Oxidative stress and the differential expression of traits associated with mating effort in humans. Nicholas M. Grebe et al. Evolution and Human Behavior, March 13 2021. https://doi.org/10.1016/j.evolhumbehav.2021.02.007

Abstract: Oxidative stress is a physiological condition in which reactive oxygen species created through cellular respiration can potentially damage DNA and tissue. Oxidative stress may partially mediate trade-offs between reproductive effort and survival efforts. On the one hand, traits associated with reproductive effort, particularly costly male-male competition, are expected to raise oxidative stress. On the other hand, behavioral strategies may be a critical mediating mechanism, such that those who can better resist the physiological costs of oxidative damage exhibit increased mating effort. In a sample of 248 college students (173 men), we examined the associations between traits linked to mating effort—including personality features, athleticism, and history of illness—with levels of 8-OHdG, a biomarker of oxidative stress. 8-OHdG was measured twice, one week apart, once during active hours and once at awakening.

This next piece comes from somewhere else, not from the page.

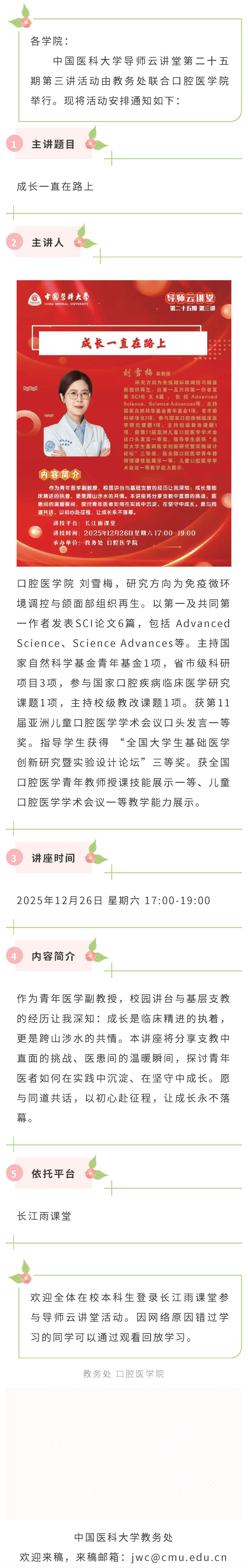 ”导师云讲堂“第二十五期第三讲活动通知
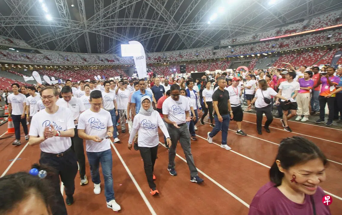 新加坡防癌协会主办的“为生命接力”筹款活动,星期六(3月4日)傍晚6时至隔天上午9时在国家体育场举行。超过4000名活动参与者在长达15个小时的活动上接力跑步,为癌患社群筹得超过110万元的善款。以主宾身份出席活动的哈莉玛总统(前排左三),为活动举行挥旗仪式后,在活动冠名赞助商TalkMed医药集团总裁洪炳添医生(左一起)、活动筹委会主席杨圣明医生以及新加坡防癌协会副会长坎斯瓦兰(Ravindran Kanesvaran)副教授的陪同下,与众人绕着国家体育馆行走,表达对癌症病患的支持。(特约陈福洲摄)

In men, surgency, social dominance, and athleticism were all negatively associated with 8-OHdG levels in awakening, but not lab samples collected during active hours. In women, these same traits were positively associated with 8-OHdG levels, particularly in morning samples. Differences in associations based on sex and time of collection introduce additional complexities to understanding links between oxidative stress and mating effort.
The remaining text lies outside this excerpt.